The data Block Start

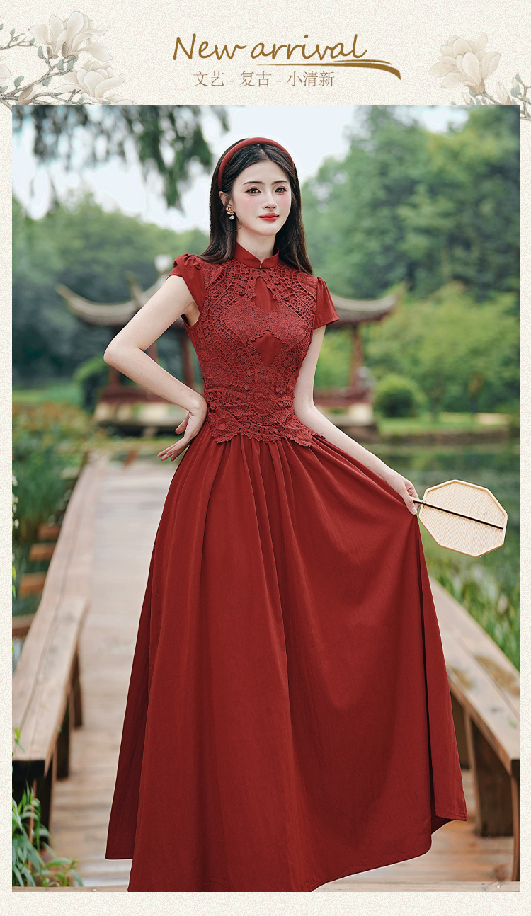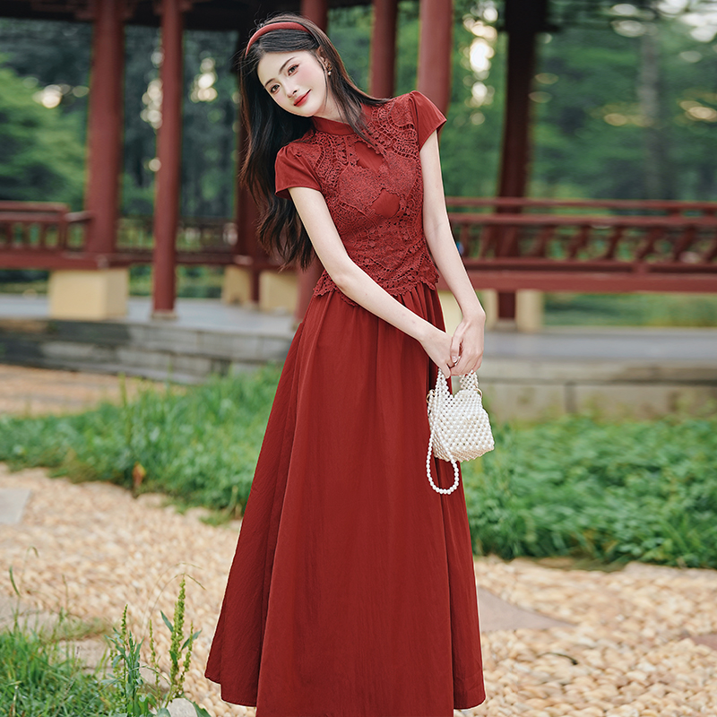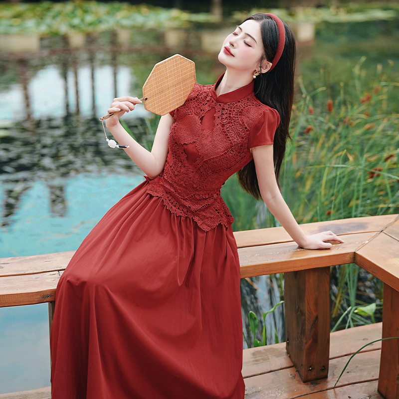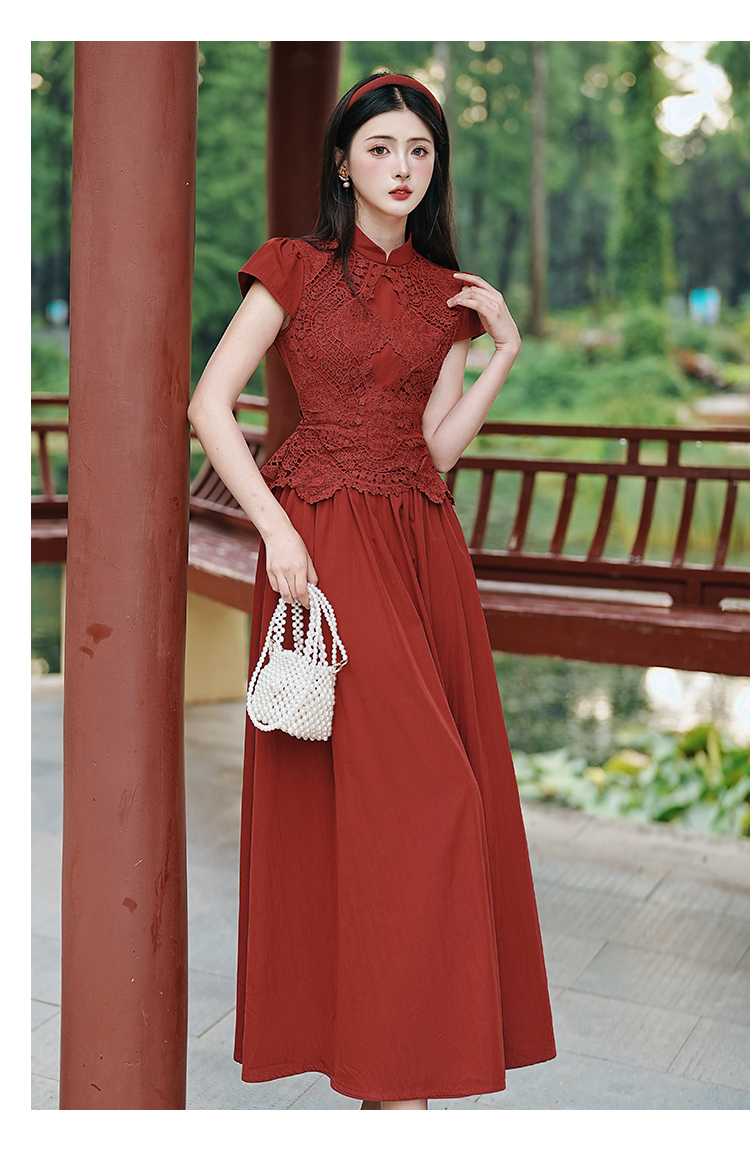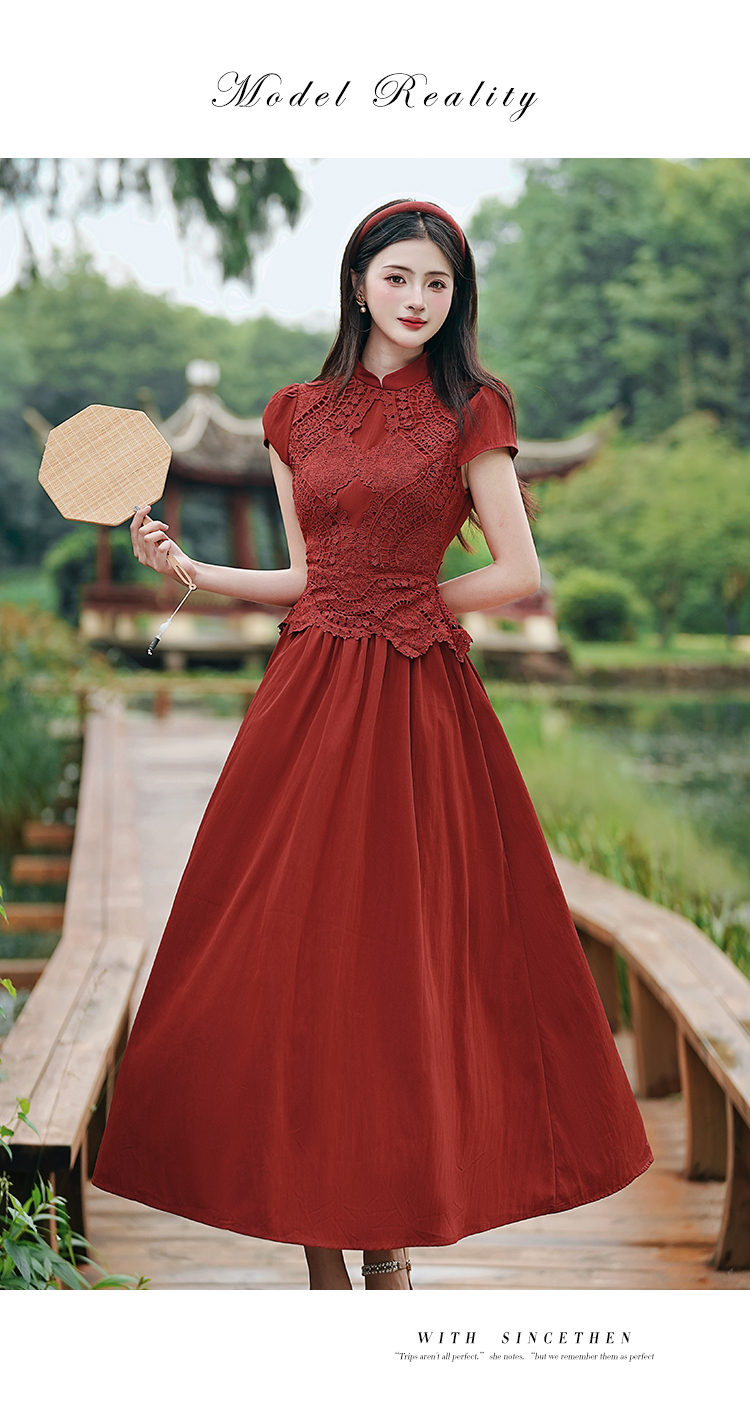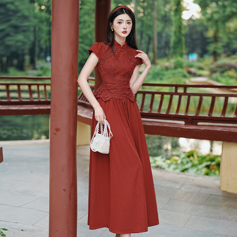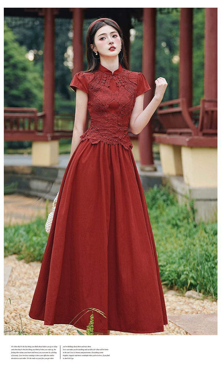 RY3138# 新款实拍 新中式国风连衣裙订婚红色礼服蕾丝拼接敬酒服
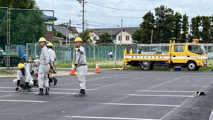 仮の駐輪場に、自転車5台分ずつの白線が引かれました。
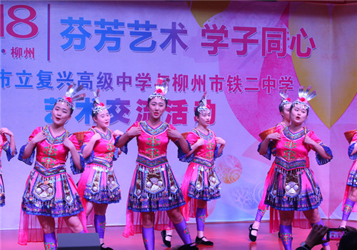 复兴高中师生们在柳铁二中老师同学们陪伴下,参观该校书画工作室、古筝工作室、书画馆,并到学校艺术中心参观器乐、声乐、播音、戏剧、舞蹈专业功能室展示和运动区体育专业训练。柳铁二中校长覃桂宁介绍了柳铁二中校园文化营造、课程设置、校舍建设、办学特色等情况。两校同学们用不同乐器演奏出动听的旋律,用优美的舞姿展现艺术的魅力,还交换纪念礼物,互加微信,共叙友谊。
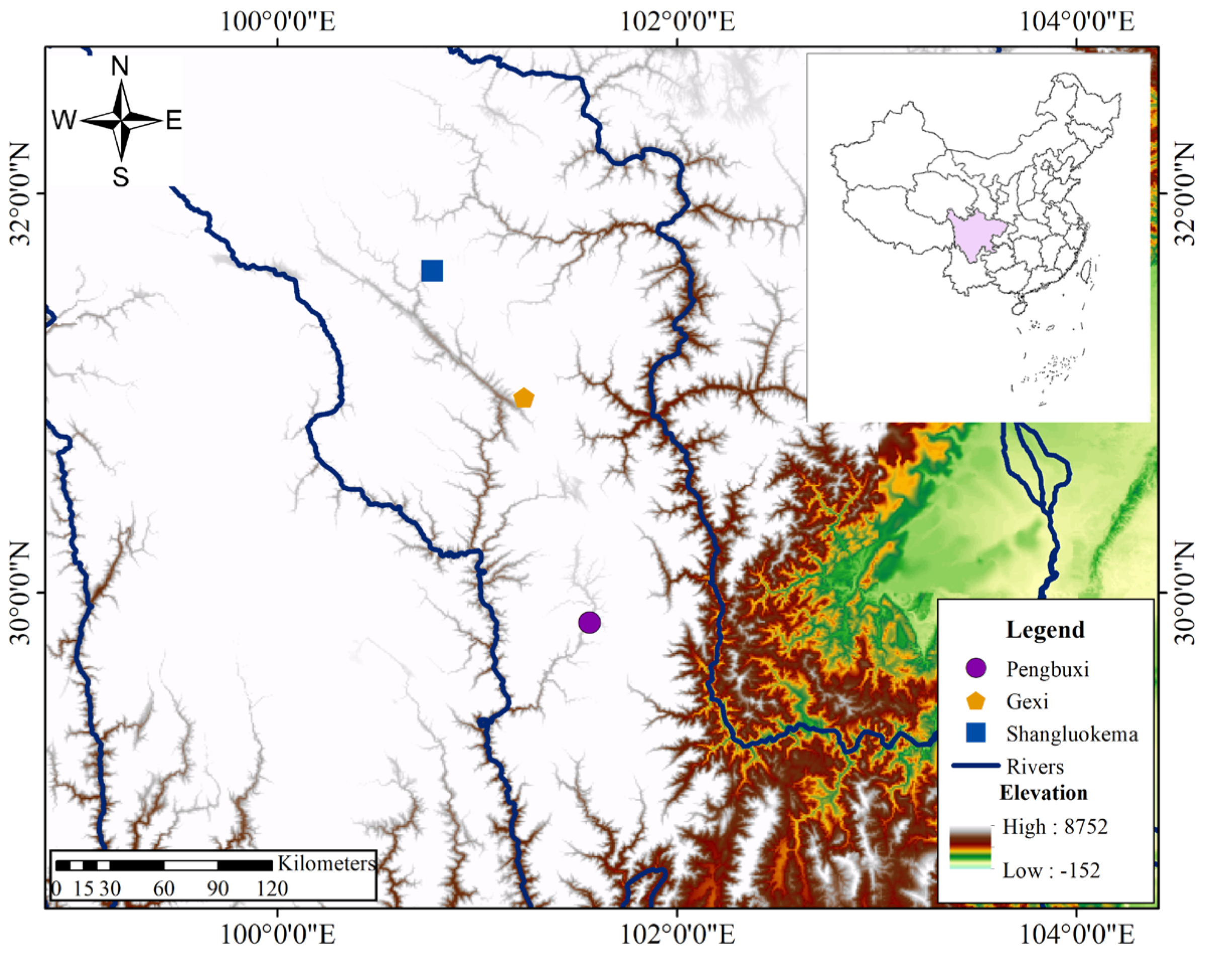 | Coordinates | 101°13′22.36″ E, 30°58′10.55″ N | 100°46′40.85″ E, 31°37′0.30″ N | 101°33′44.12″ E, 29°47′26.11″ N |

The data Block End

Nothing but the listing, copied exactly and stripped of its images, should appear in the response.

### Exercise result
 RY3138# 新款实拍 新中式国风连衣裙订婚红色礼服蕾丝拼接敬酒服
 仮の駐輪場に、自転車5台分ずつの白線が引かれました。
 复兴高中师生们在柳铁二中老师同学们陪伴下,参观该校书画工作室、古筝工作室、书画馆,并到学校艺术中心参观器乐、声乐、播音、戏剧、舞蹈专业功能室展示和运动区体育专业训练。柳铁二中校长覃桂宁介绍了柳铁二中校园文化营造、课程设置、校舍建设、办学特色等情况。两校同学们用不同乐器演奏出动听的旋律,用优美的舞姿展现艺术的魅力,还交换纪念礼物,互加微信,共叙友谊。
 | Coordinates | 101°13′22.36″ E, 30°58′10.55″ N | 100°46′40.85″ E, 31°37′0.30″ N | 101°33′44.12″ E, 29°47′26.11″ N |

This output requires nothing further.